Activity:
Would you repeat word for word the lines of the listing that follows, from the one with "简约时尚烧烤菜单棕色背景五花肉菜单海报" up to and including the one with "比如有用户在2026年2月9", and leave out the images?

Extracted material:
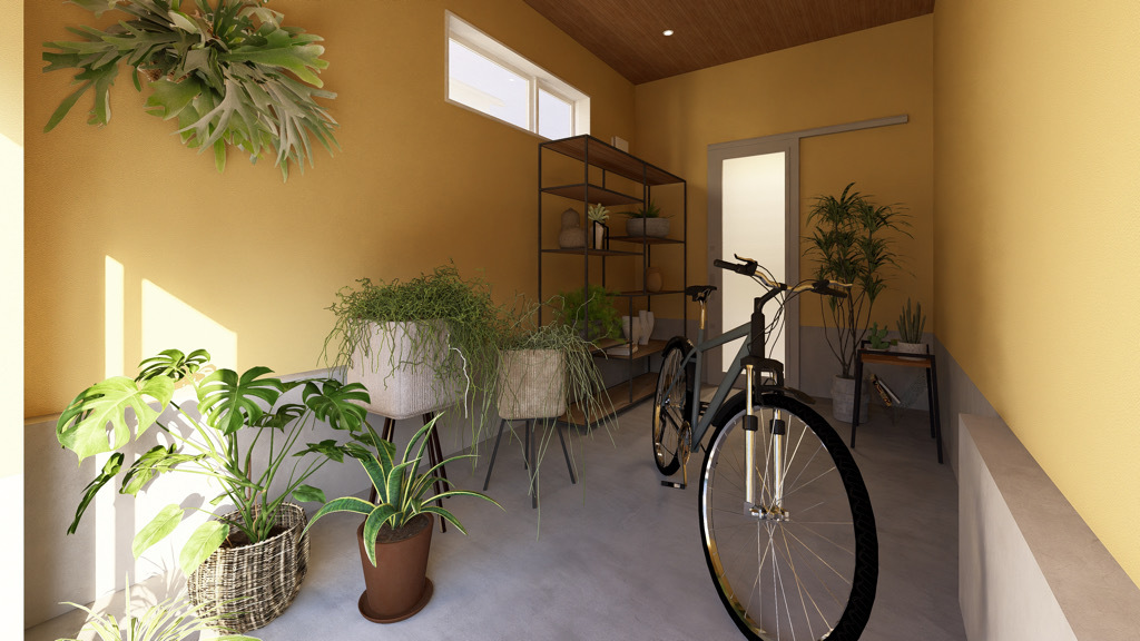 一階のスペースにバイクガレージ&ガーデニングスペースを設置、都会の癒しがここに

...

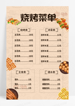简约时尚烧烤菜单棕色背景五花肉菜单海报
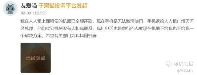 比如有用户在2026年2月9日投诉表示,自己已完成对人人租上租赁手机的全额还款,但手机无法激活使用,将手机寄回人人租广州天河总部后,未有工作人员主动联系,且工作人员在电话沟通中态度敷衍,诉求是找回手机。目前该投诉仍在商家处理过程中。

The completed task:
简约时尚烧烤菜单棕色背景五花肉菜单海报
 比如有用户在2026年2月9日投诉表示,自己已完成对人人租上租赁手机的全额还款,但手机无法激活使用,将手机寄回人人租广州天河总部后,未有工作人员主动联系,且工作人员在电话沟通中态度敷衍,诉求是找回手机。目前该投诉仍在商家处理过程中。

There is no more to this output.